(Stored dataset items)
-------------------------
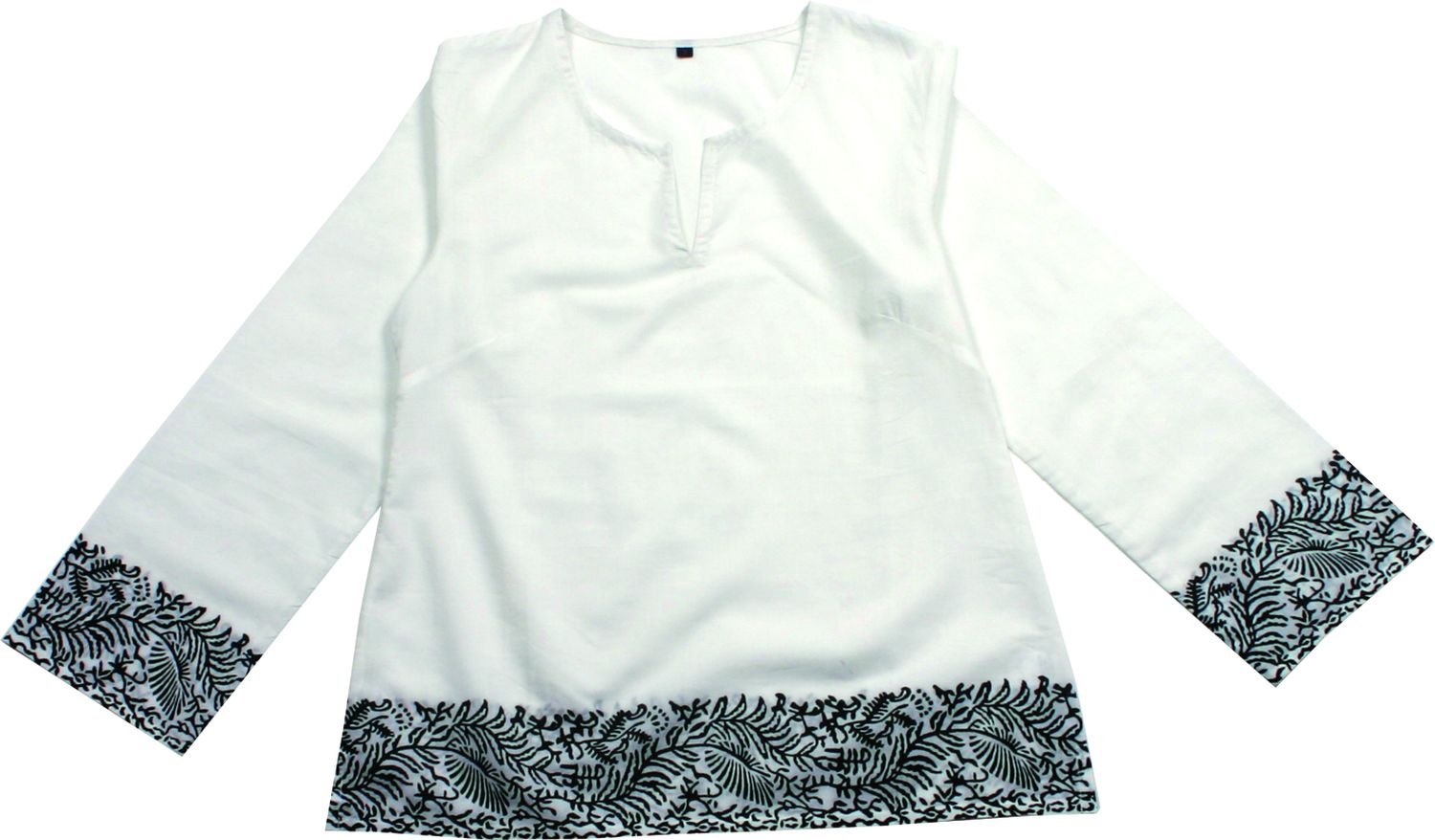 Langarm, weiß mit schwarzem Handdruck 100% Baumwolle
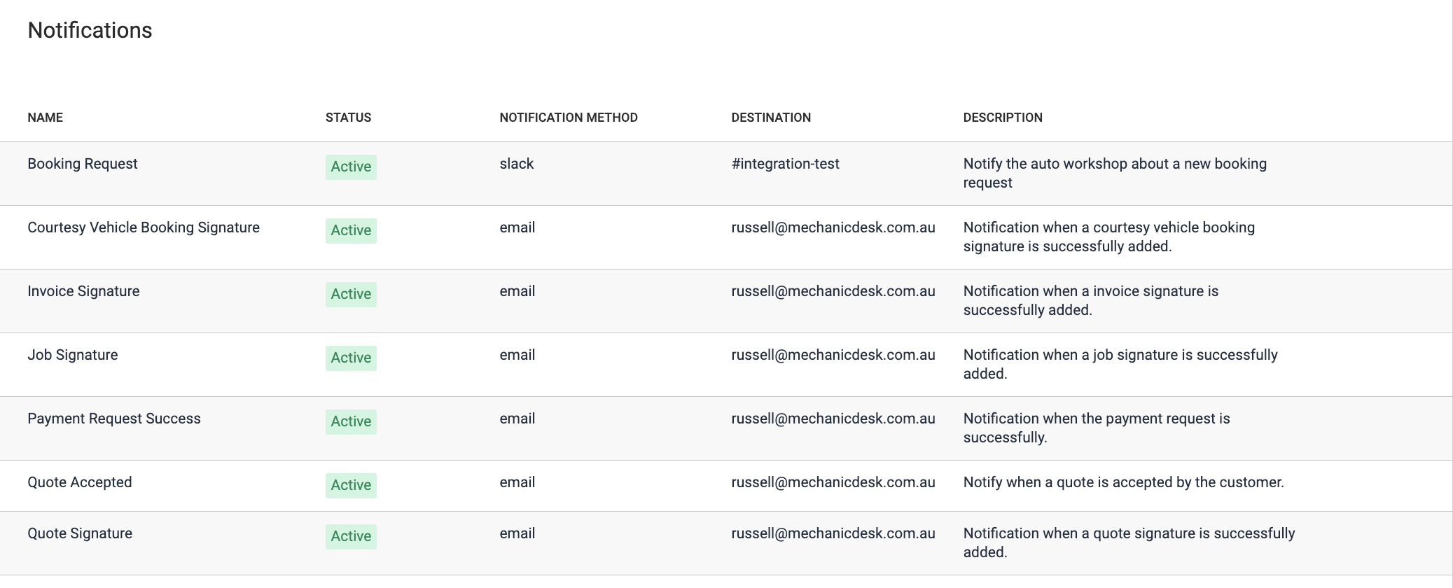 So, what can the integration do? Currently, it focuses on the notifications generated within MechanicDesk for various functions. If you go to Workshop Details → Notifications, you’ll see a list of all the notifications MechanicDesk can send and the delivery methods available.
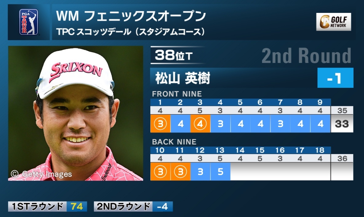 通算3オーバー93位タイから出た大会2勝の松山英樹は、13ホールを終えて4バーディと通算1アンダー暫定38位タイにつけている。
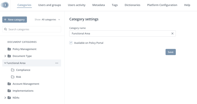 - (Optional): Tick the Available on Policy Portal* box if the category should be visible on the Policy Portal.
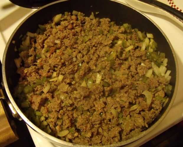 marrón su salchicha, pimientos y cebollas en una sartén hasta que la carne ha perdido su color rosado, de drenaje y deje que se enfríe un poco.
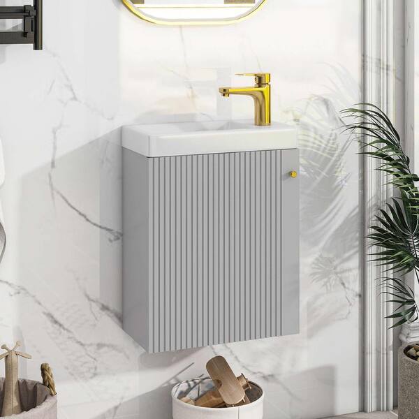 Ami 16 in. W x 8.7 in. D x 20.5 in. H Single Sink Bathroom Vanity in Gray with Ceramic Top (Soft-Close Door)
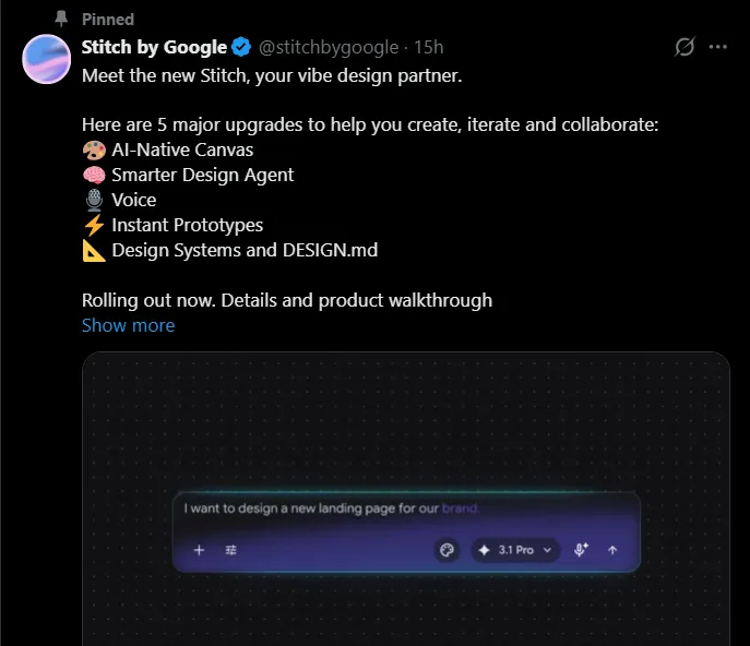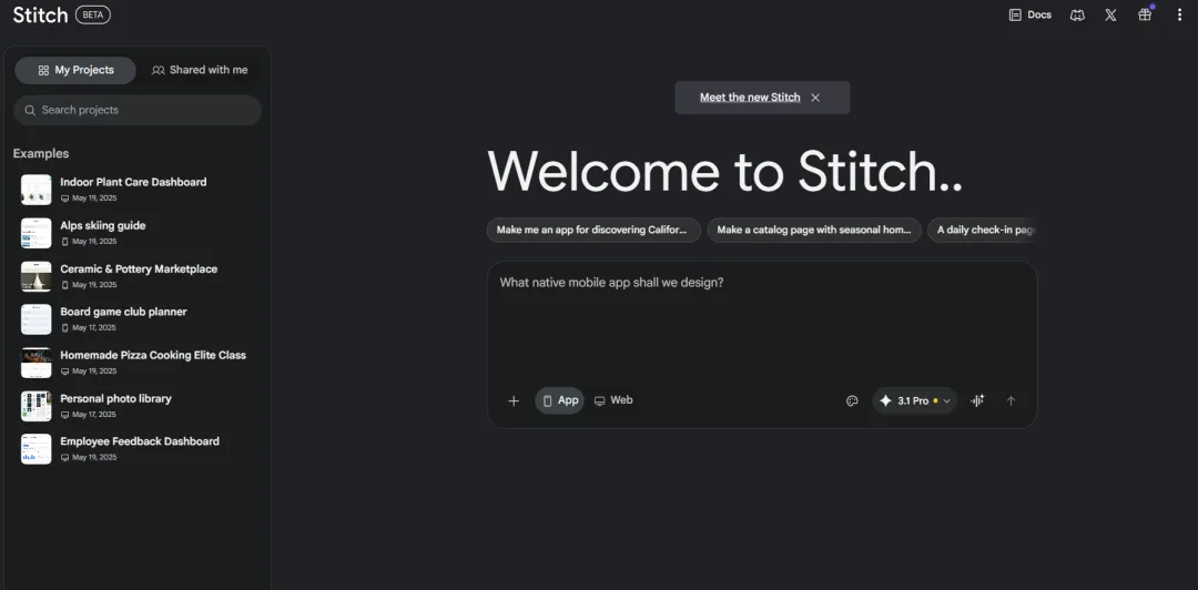 工具叫 Stitch ,谷歌把它定义为你的「氛围设计伙伴」。听起来像是某种下午茶品牌,但实际上,它可能是 这一年里对设计行业冲击最大的一次更新 。
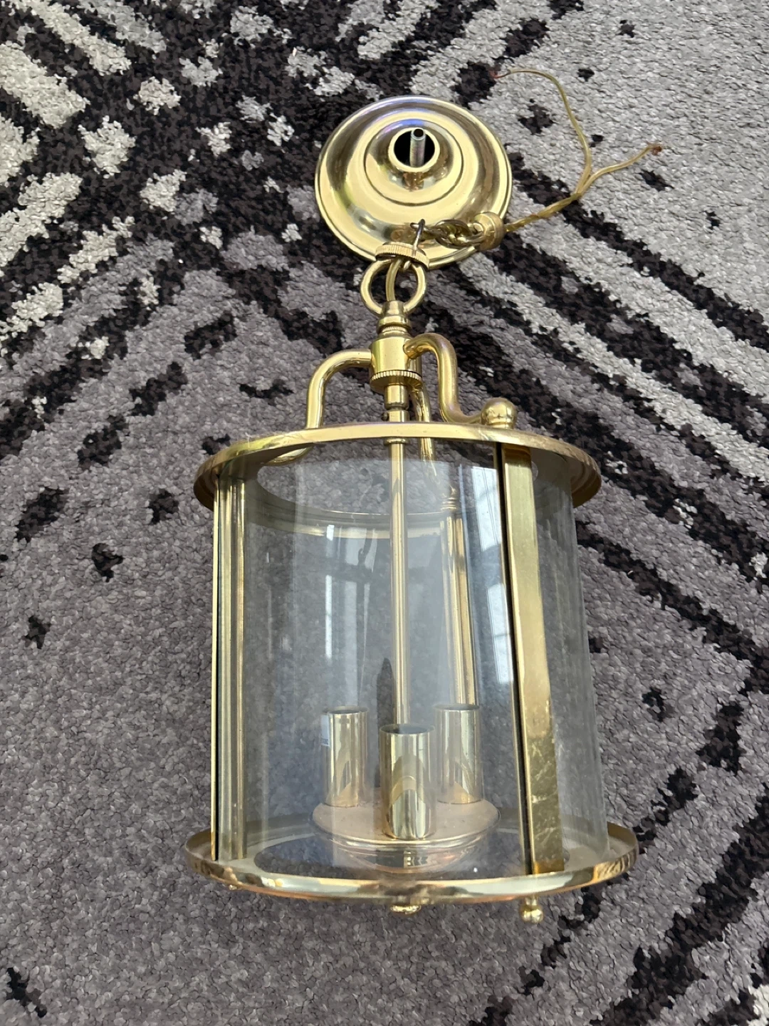 This is a classic pendant light fixture with a brass finish and clear glass shade. It's designed to hold three bulbs. The fixture is suitable for entryways or hallways. It comes with a mounting chain and canopy.
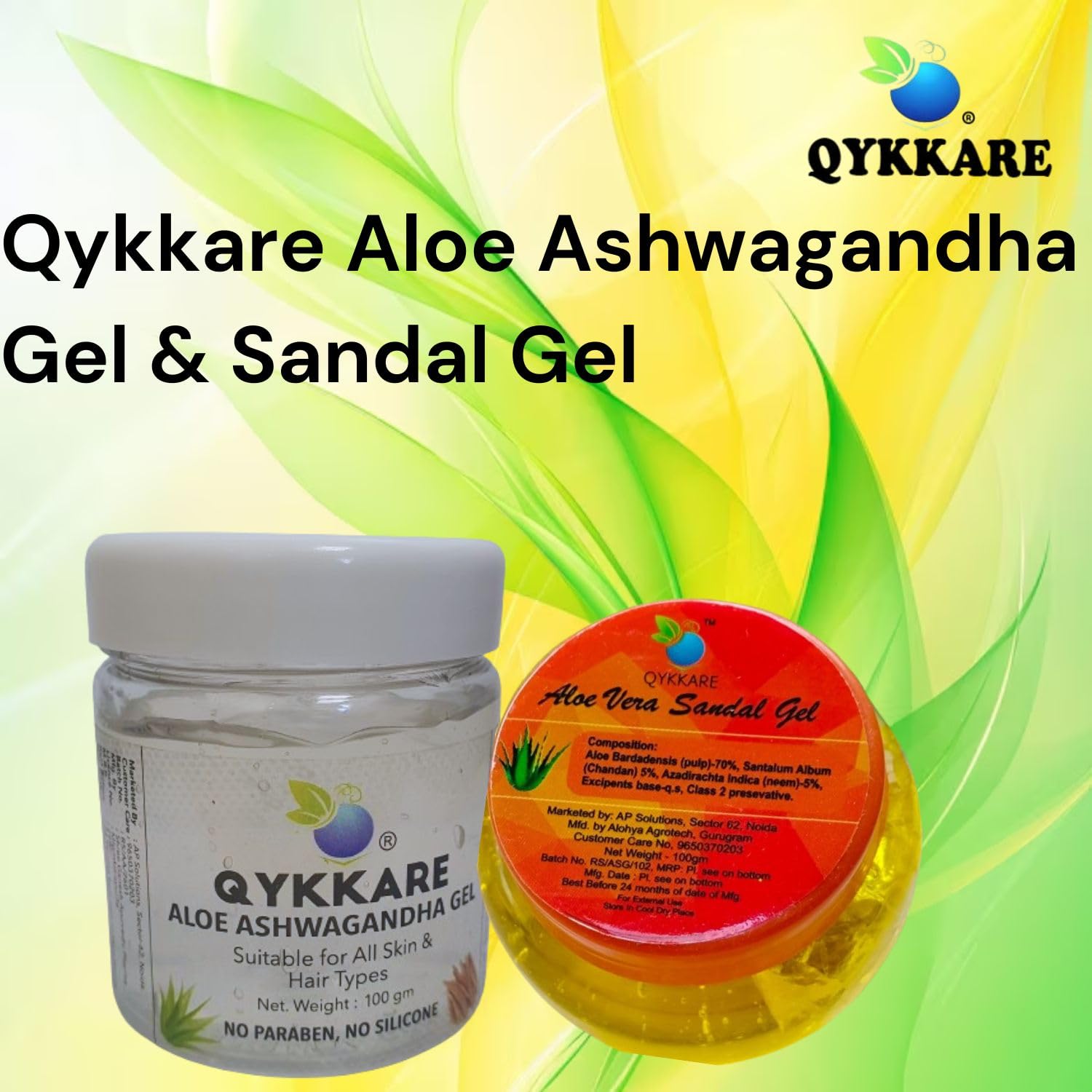 Qykkare Aloevera Sandal Gel and Aloe Ashwagandha Gel combo (100gm x 2) for radiant youthful skin
-------------------------
» About this exercise: Up to and including the line with "- (Optional): Tick", copy the data above from its first line. Skip pictures.

» Result of the task:
 Langarm, weiß mit schwarzem Handdruck 100% Baumwolle
 So, what can the integration do? Currently, it focuses on the notifications generated within MechanicDesk for various functions. If you go to Workshop Details → Notifications, you’ll see a list of all the notifications MechanicDesk can send and the delivery methods available.
 通算3オーバー93位タイから出た大会2勝の松山英樹は、13ホールを終えて4バーディと通算1アンダー暫定38位タイにつけている。
 - (Optional): Tick the Available on Policy Portal* box if the category should be visible on the Policy Portal.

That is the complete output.